Trying to lose weight? You might want to stop shoveling down your meals.
Eating too fast may affect your weight, according to a new study published online in BMJ Open. Researchers from Japan asked more than 59,000 men and women with type 2 diabetes to rate their eating speed using one of three options: fast; normal; or slow. The goal was to investigate the relationship between eating speed and obesity.
They found that "normal" and "slow" eaters were less likely to be obese — which they defined as a body mass index (BMI) of 25 or more — than fast eaters. (Obesity in the U.S. is a little higher, pegged at a BMI of 30 or higher.)
The participants also received health check-ups, where they were asked about other eating habits, alcohol and tobacco use, and sleep. Skipping breakfast, eating dinner within two hours of going to sleep, and post-dinner snacking were also linked with being obese, the researchers from Kyushu University Graduate School of Medical Sciences in Fukuoka, Japan, wrote.

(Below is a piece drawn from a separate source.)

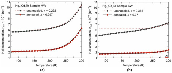 Hall electron concentration versus temperature for the Hg1−xCdxTe Sample MW (a) and Sample SW (b), measured after growth and after additional annealing. Experimental results (points) and fitted calculated lines for homogeneous layer.
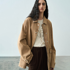 欧美复古设计感翻领水洗做旧女装宽松大码帅气牛仔衬衫外套

Dr. Donald Hensrud, editor of the Mayo Clinic Diet and medical director of the Mayo Clinic Healthy Living Program, reviewed the study. He said of the findings, “Intuitively it makes sense, and it’s one of the techniques that has been used in behavior change weight loss programs, to try to eat slower.”
One of the study’s strengths is its size, Hensrud says. But it’s self-reported data, and with that, “there’s always the concern of how objective it is," he said. "It isn’t the same as measuring something very specifically. It may well be true, but self-reported data needs to be looked at with a grain of salt.”

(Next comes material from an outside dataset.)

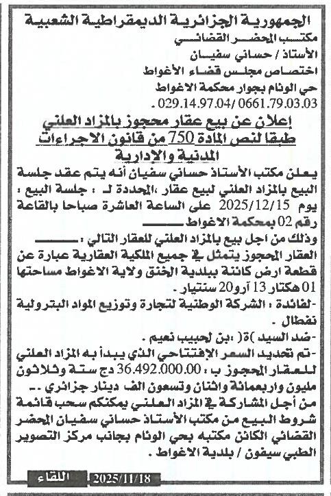 Il sera procédé à la vente au plus offrant et dernier enchérisseur le :

He also noted that the research was conducted in people with type 2 diabetes, and the results might skew a certain way because of that. “With diabetes, it seems to be a little tougher to lose weight than it is for people without diabetes,” Hensrud says.
Health conditions linked with obesity include heart disease, diabetes, abnormal cholesterol, and high blood pressure. The authors concluded that efforts aimed at reducing eating speed may help prevent obesity and lower the associated health risks.
“It’s a very benign and safe recommendation. It’s not going to hurt,” says Hensrud. He says that many other factors influence weight among people in the U.S. and around the world, including physical activity level.
"It isn’t conclusively proven how much this intervention will work, but it’s a common sense interaction that probably isn’t going to hurt, and it might help,” he says.